Some of us seem to have trouble with what should be a simple task, like washing our hands. Don’t you worry, here’s all you need to be aware of.

You may have assumed that washing one’s hands was a basic skill that every child eventually mastered. The majority of people (95%) don’t bother washing their hands for long enough after using the restroom, according to a research published in the Journal of Environmental Health in 2013. In addition, 23% of people didn’t use soap when washing their hands, and 10% didn’t wash their hands at all. Gross!

One of the greatest ways to stop the spread of illness during cold and flu season is to lather up. Here are five common blunders you can be doing.

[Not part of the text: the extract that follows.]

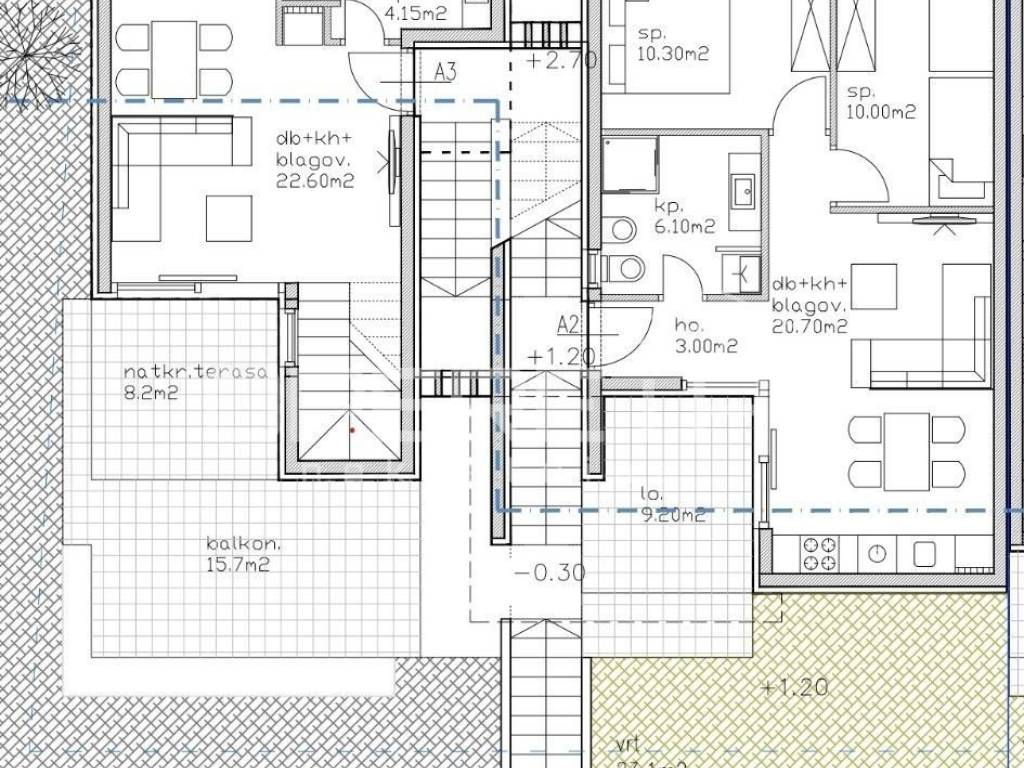 The apartment has a loggia of 9.20 m2, a garden of 23.10 m2, a storage room on the ground floor of the building of 7.10 m2 and a covered parking space of 12.25 m2.
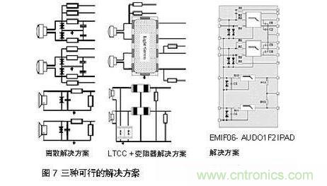 EMI濾波器盡可能地接近EMI干擾的切入點,這樣盡可能保證音頻質(zhì)量。如圖6。

You don’t always wash your hands

It is unacceptable to avoid hand washing after using the restroom. If you choose to exit the bathroom without first washing your hands, you will be bringing with you not just the bacteria you picked up from the door lock, the toilet flusher, and other surfaces, but also the germs you brought with you. Then, you’ll spread your germs to everything else you contact.

It’s also important to wash your hands before eating or preparing food, in case you don’t already. Otherwise, you might end up with food poisoning. The Centers for Disease Control and Prevention recommends washing hands after using the restroom, before eating, and after cleaning the litter box.

You avoid using soap

It’s a common misconception that soap just removes dirt and grime from hands. Bugs might be difficult to remove off the skin, but soap is a chemical combination designed for the task. Because bacteria and viruses have fatty outer surfaces, the chemicals in soap cause a chemical reaction that clings to the microbes and carries them off in the lather.

It’s also worth noting that liquid soap, which is less likely to be contaminated, is often more effective than barsoap.

Although it is less effective on extremely germy or oily hands, hand sanitizers containing at least 60% alcohol can aid in a situation.

You need to spend more time scrubbing

If you quickly rinse off the soap, it will be ineffective. To properly clean your skin, you need to scrub for at least 20 to 30 seconds. Get some blood flowing by massaging your palms, backs of your hands, and in between your fingers at that time. Scrub with interlaced fingers by placing one hand on top of the other. In this method, you may protect both sets of fingers from harm.

One place many people don’t think to check is under their fingernails, which is where a lot of germs and viruses hide. Rub the finger tips of your right hand on the palm of your left hand and vice versa to clean under your nails.

You always make use of hand dryers

Scientific research has proven that paper towels are superior. Wet hands transfer bacteria more readily than dry hands, and the biggest problem is that individuals don’t use hand dryers long enough to dry their hands completely.